There are two types of CAPTCHAs. Those that are solved by bots and those that will eventually be solved by bots.

It's hard to tell if a CAPTCHA is secured or not. But, if the text-based CAPTCHA on your website can be decoded with two lines of code (as shown in this article), it's time to upgrade it.

Approach

Two-line approach:

  1. Preprocess the image with convert (ImageMagick).

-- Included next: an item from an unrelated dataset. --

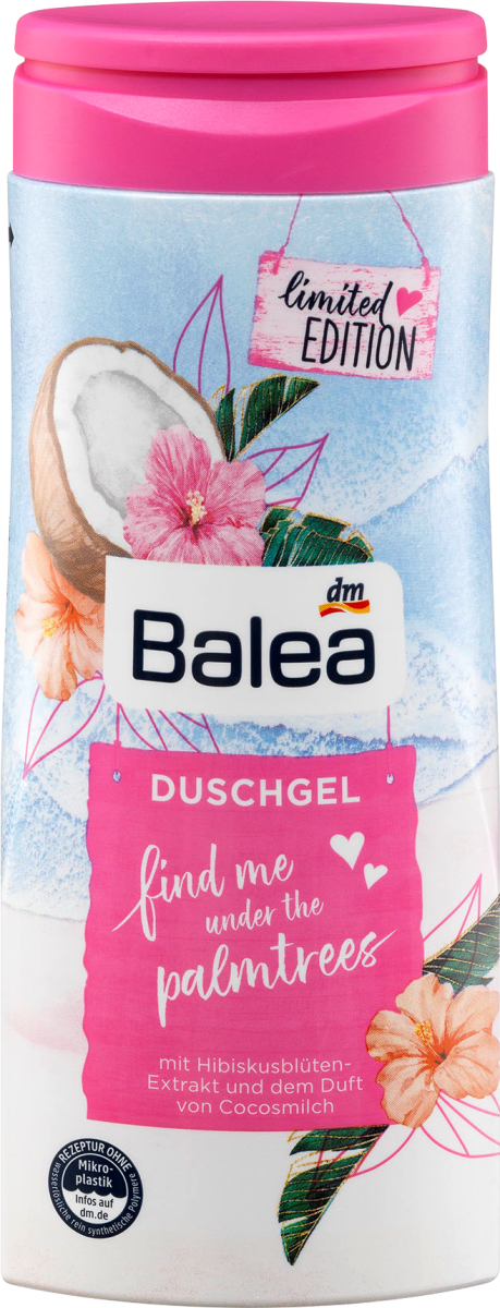 Odkryj wakacyjny klimat w swojej łazience z żelem pod prysznic Balea Find Me Under the Palmtrees. Jego czarujący zapach sprawi, że poczujesz się jak na tropikalnej plaży. Żel doskonale odżywia skórę i jest odpowiedni dla osób z wrażliwą skórą.

  2. Use Tesseract - an OCR engine - to extract the text from the image.

Quick tutorial on convert

convert is a program to edit images. It takes an input image, applies transformations (a list of commands) on it and writes the result to a file.

Its syntax is:

$ convert <input_image> [<commands>...] <output_image>

Example:

$ convert rose.jpg -negate rose-1.jpg
  1. Input image is rose.jpg:

  2. -negate reverses its pixels

  3. Output image is rose-1.jpg:

We can also apply multiple transformations.

Example:

$ convert rose.jpg -negate -resize 150% rose-2.jpg

This negates the pixels, then it resizes the image to 150% of its original size.

rose-2.jpg:

The commands (-negate, -resize 150%) are applied in order by convert. In that case, the order doesn't matter as it will output the same image if we swap the two commands. But, keep that in mind when you do complex transformations.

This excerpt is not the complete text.